• _DATASET EXTRACT_:
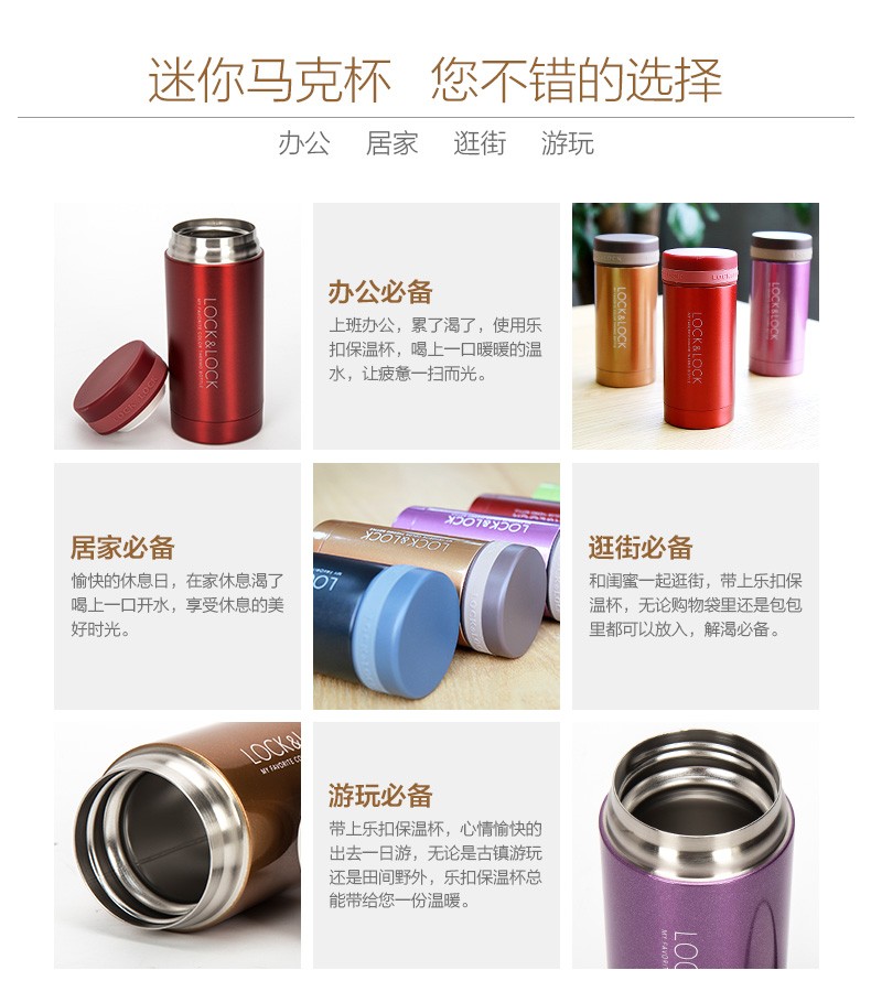 乐扣乐扣 迷你缤纷五彩保温杯200ml LHC551(单位:个)黑色 黑色
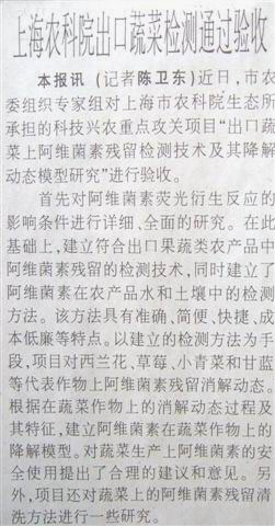 本报讯(记者 陈卫东)近日,市农委组织专家组对生态所承担的上海市科技兴农重点攻关项目 “出口蔬菜上阿维菌素残留检测技术及其降解动态模型研究”进行了验收。
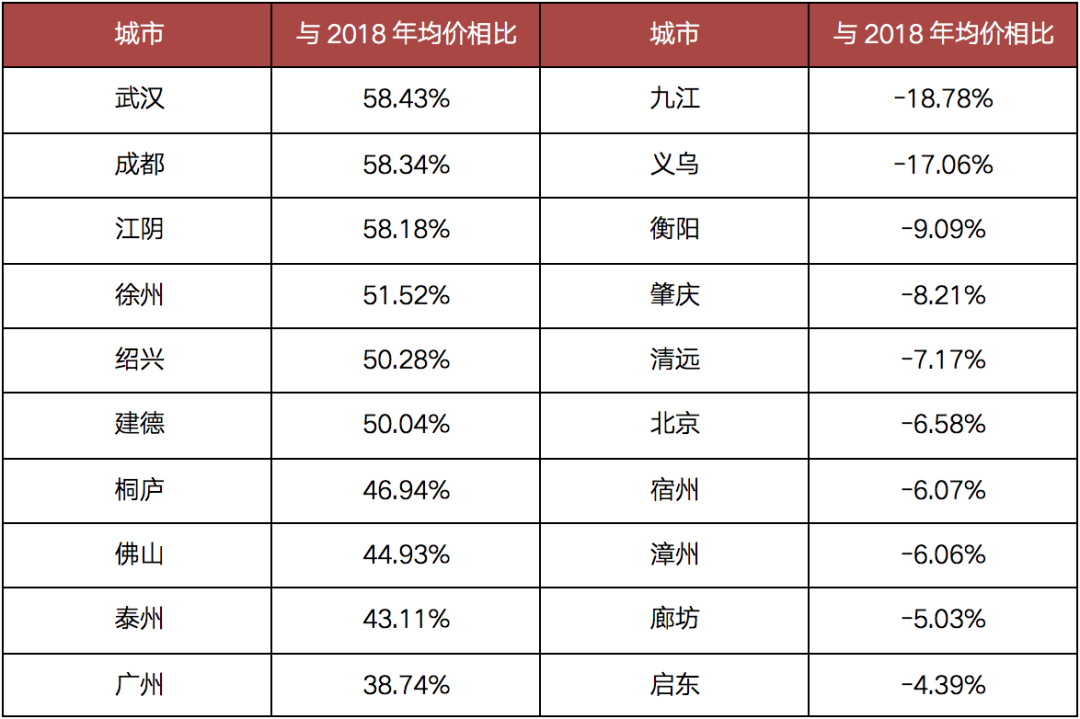 表:重點城市中與2018年均價相比

• _TO DO_: The whole listing should be transcribed exactly, though its pictures must be left out.

• _SOLUTION_:
 乐扣乐扣 迷你缤纷五彩保温杯200ml LHC551(单位:个)黑色 黑色
 本报讯(记者 陈卫东)近日,市农委组织专家组对生态所承担的上海市科技兴农重点攻关项目 “出口蔬菜上阿维菌素残留检测技术及其降解动态模型研究”进行了验收。
 表:重點城市中與2018年均價相比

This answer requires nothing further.